Using the following lemmas...
$\displaystyle \cos ( a + x )$ $\displaystyle =$ $\displaystyle \cos ( a ) \cos ( x ) - \sin ( a ) \sin ( x )$  
$\displaystyle \cos \left( \frac{( a + x ) \pi b}{A} \right)$ $\displaystyle =$ $\displaystyle \cos \left( \frac{a \pi b}{A} + \frac{x \pi b}{A} \right)$  
  $\displaystyle \Rightarrow$    
$\displaystyle C_b^{a + x}$ $\displaystyle =$ $\displaystyle C_b^a C_b^x - S^a_b S^x_b$  
$\displaystyle C_b^{- a}$ $\displaystyle =$ $\displaystyle C_b^a$  
$\displaystyle S_b^{- a}$ $\displaystyle =$ $\displaystyle - S_b^a$  

...we simplify and solve for $ \hat{u}_{m, n}$:
$\displaystyle C_m^{j + 1} C^l_n + C_m^{j - 1} C^l_n$ $\displaystyle =$ $\displaystyle ( C_m^j C_m^1 - S_m^j S_m^1 ) C^l_n + ( C_m^j C_m^{- 1} - S_m^j S_m^{- 1} ) C^l_n$  
  $\displaystyle =$ $\displaystyle C^l_n ( ( C_m^j C_m^1 - S_m^j S_m^1 ) + ( C_m^j C_m^1 + S_m^j S_m^1 ) )$  
  $\displaystyle =$ $\displaystyle 2 C^l_n C_m^j C_m^{1 ( j )}$  
  $\displaystyle \operatorname{and}$    
$\displaystyle C_m^j C^{l + 1}_n + C_m^j C^{l - 1}_n$ $\displaystyle =$ $\displaystyle C_m^j ( C_n^l C_n^1 - S_n^l S_n^1 ) + C_m^j ( C_n^l C_n^{- 1} - S_n^l S_n^{- 1} )$  
  $\displaystyle =$ $\displaystyle C_m^j ( ( C_n^l C_n^1 - S_n^l S_n^1 ) + ( C_n^l C_n^1 + S_n^l S_n^1 ) )$  
  $\displaystyle =$ $\displaystyle 2 C_m^j C_n^l C_n^{1 ( l )}$  
  $\displaystyle \Rightarrow$    
$\displaystyle 2 \hat{u}_{m, n} ( C^l_n C_m^j C_m^{1 ( j )} + C_m^j C_n^l C_n^{1 ( l )} - 2 )$ $\displaystyle =$ $\displaystyle \Delta^2 \hat{\rho}_{m, n} C_m^j C^l_n \Vert / ( C_m^j C^l_n ) \Rightarrow$  
$\displaystyle 2 \hat{u}_{m, n} ( C_m^{1 ( j )} + C_n^{1 ( l )} - 2 )$ $\displaystyle =$ $\displaystyle \Delta^2 \hat{\rho}_{m, n} \Rightarrow$  
$\displaystyle \hat{u}_{m, n}$ $\displaystyle =$ $\displaystyle \frac{\Delta^2 \hat{\rho}_{m, n}}{2 ( C_m^{1 ( j )} + C_n^{1 ( l )} - 2 )}$  

Hence, to solve the Poisson equation, first compute the 2D cosine transform $ \hat{\rho}_{m, n}$, then calculate...

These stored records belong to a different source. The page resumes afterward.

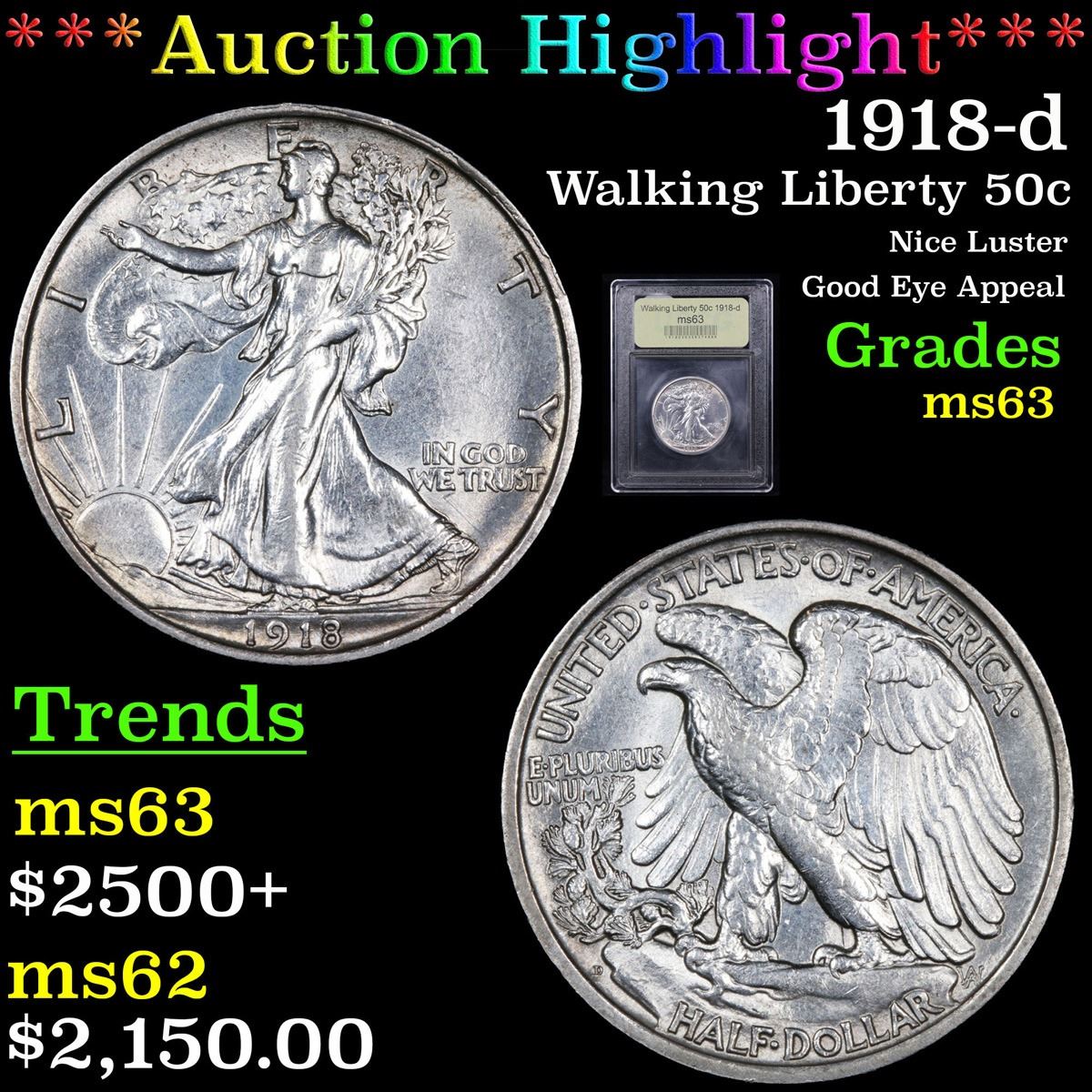 ***Auction Highlight*** 1918-d Nice Luster Good Eye Appeal Walking Liberty Half Dollar 50c Graded Select Unc By USCG. A Corey's Pick, Bid to Win, Don't let it get Away, you might not find its equal Coin
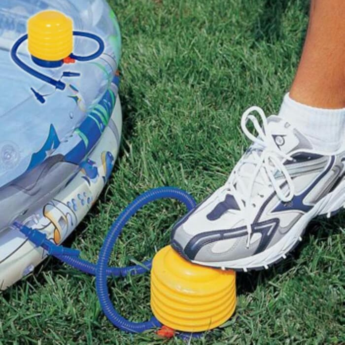 Kolam renang portable biasanya diisi angin sebelum menggunakannya karena penopang kolam ini adalah angin.
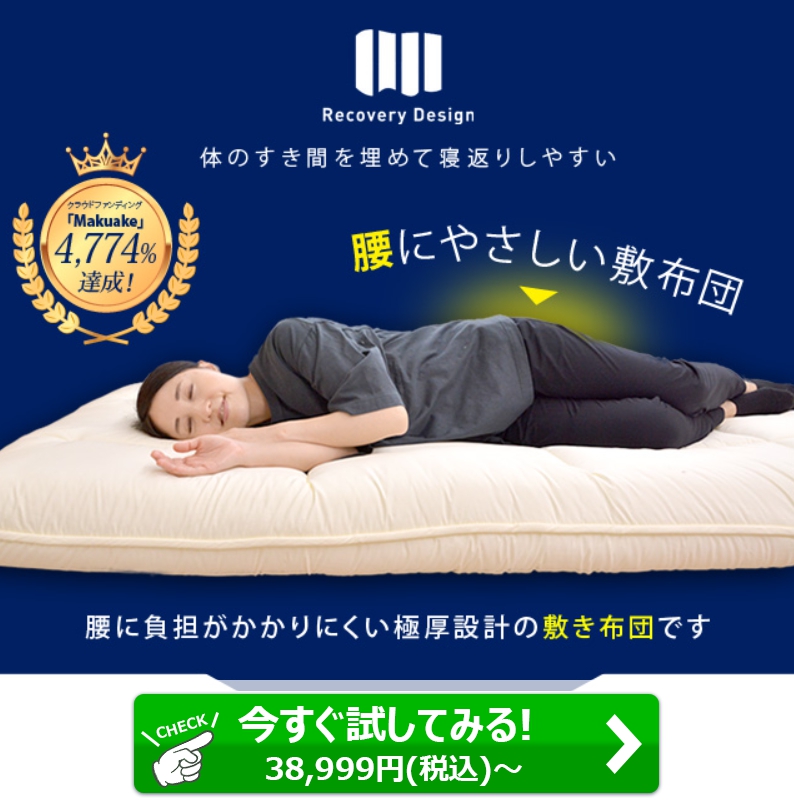 公式サイトはこちら 腰にやさしい敷布団 3つの国家資格を持つ整体師ユーチューバーも紹介する、腰に優しいリカバリーデザイン敷布団です。クラウドファンディングで4774%を達成した、昭和36年創業の老舗布団屋が作った、こだわりの逸品です。体のすき間を埋める7層構造で、寝返りが打ちやすい設計です。 腰に負担がかかりにくい極厚設計で、熟睡をサポートします。高反発ハイブリッド構造で体圧を分散し、30日間の返品保証が付いているので安心してお試しいただけます。ダニ対策や吸水速乾機能も備え、快適な睡眠環境をお得に手に入れられます。 商品名 腰にやさしい敷布団 カテゴリ 生活
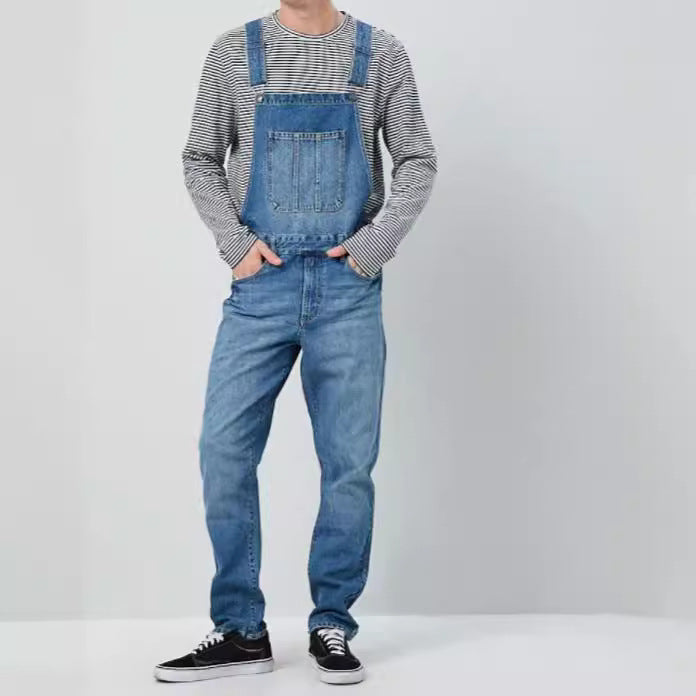 Herren Denim Latzhose im Vintage-Stil mit regulierbaren Trägern und praktischen Taschen Heidi-Mode
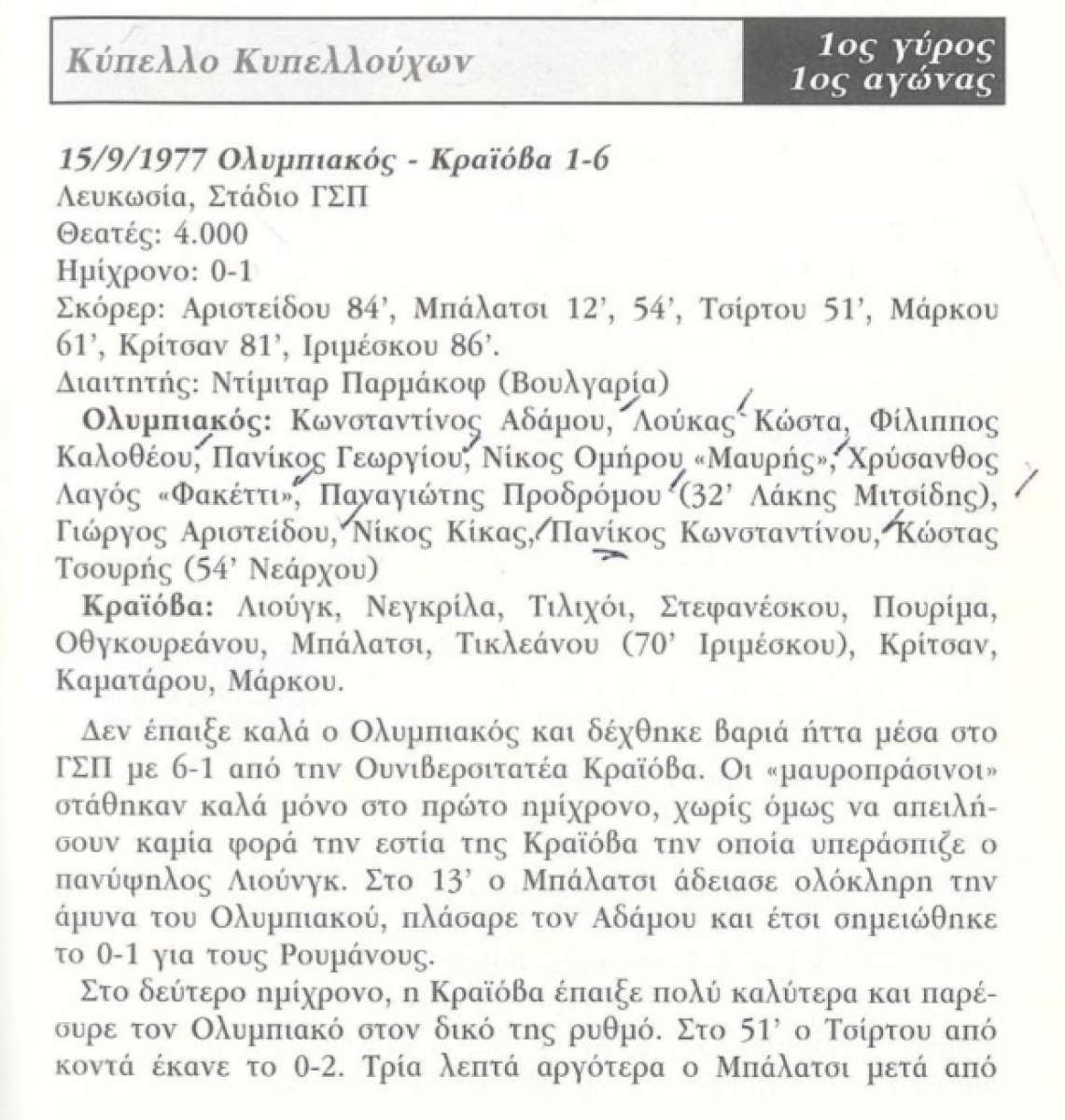 «Олимпиакос» Никосия - «Университатя» Крайова - 1:6
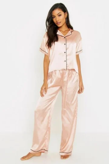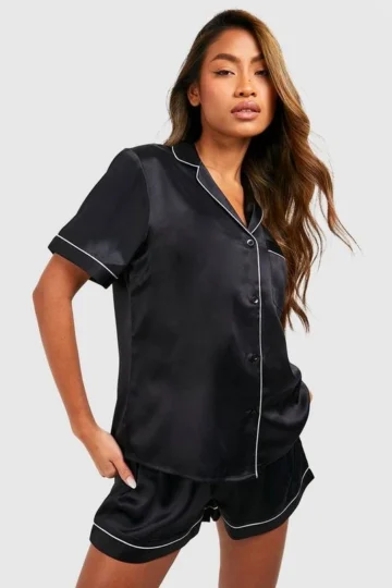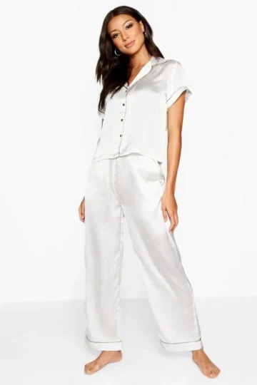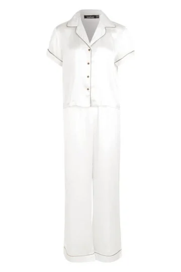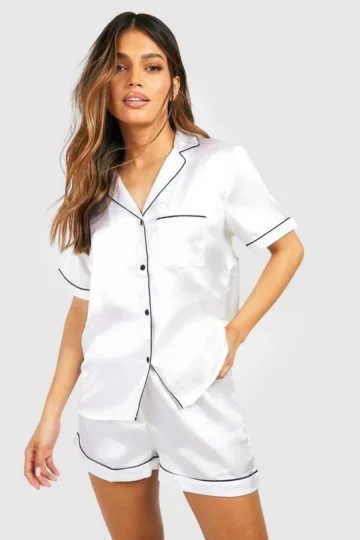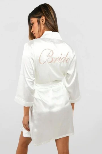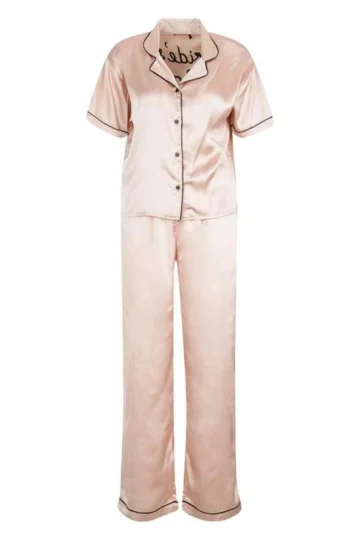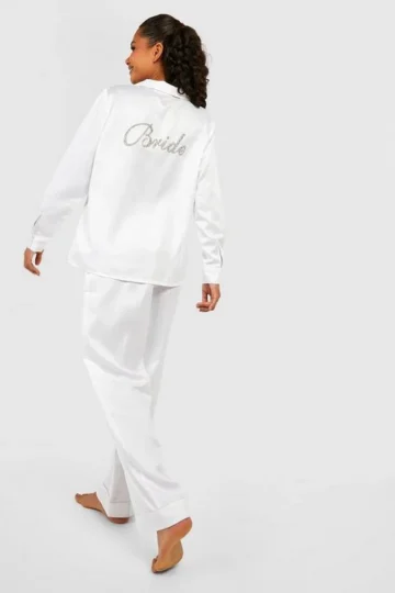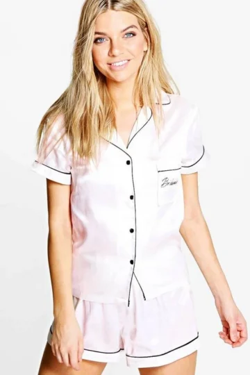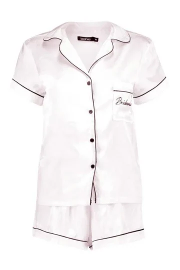 BOOHOO Bride Satin Embroidered Pj Short Set
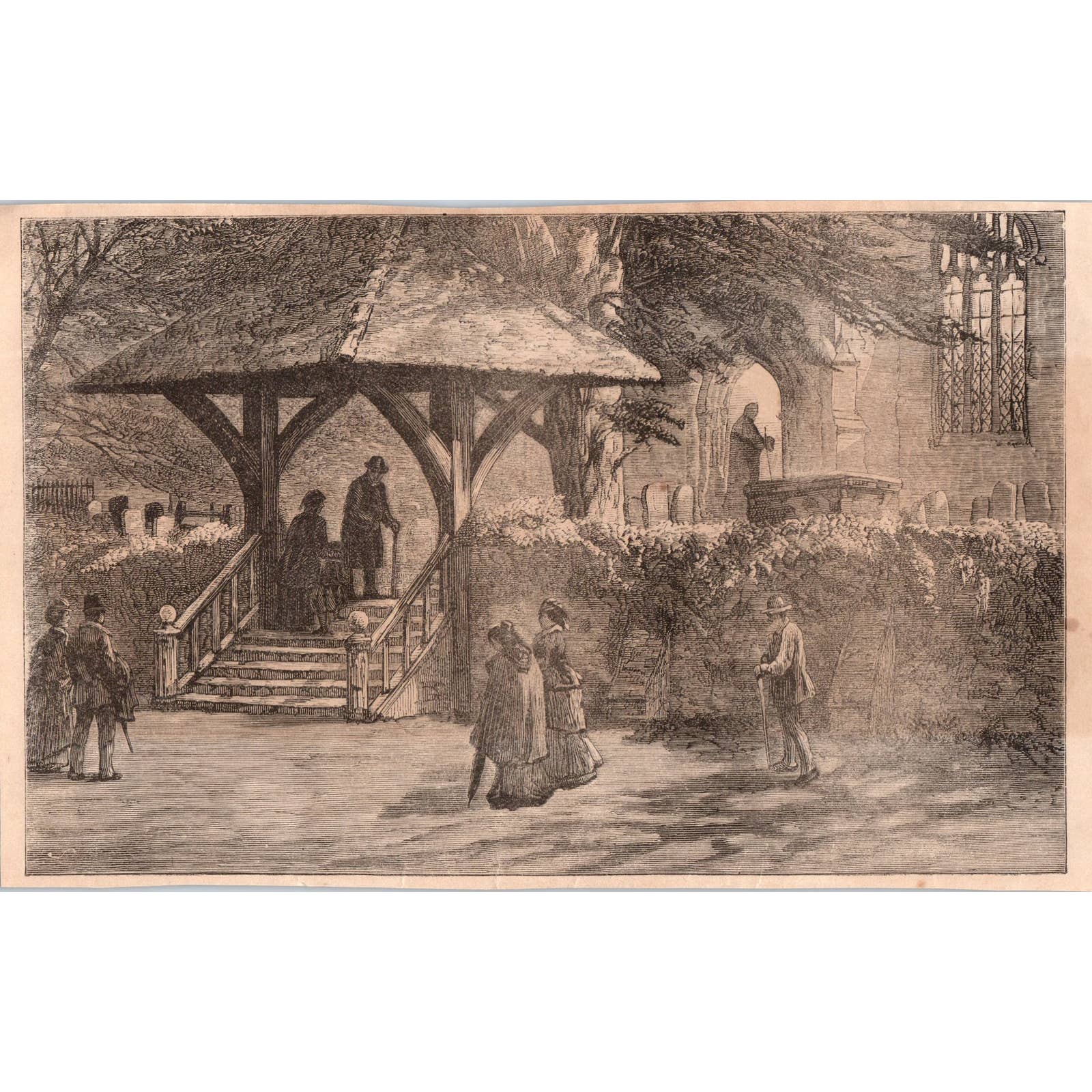 1878 Victorian Engraving - Townspeople Going to Church SF2

$\displaystyle \hat{u}_{m, n} = \frac{\hat{\rho}_{m, n}}{2 ( \cos ( \frac{\pi m}{J} ) + \cos ( \frac{\pi n}{L} ) - 2 )} $
...and finally do an inverse cosine transform to obtain $ u_{j, l}$. In practice, when the denominator becomes 0, substitute it with some small $ \epsilon$ to avoid division by zero.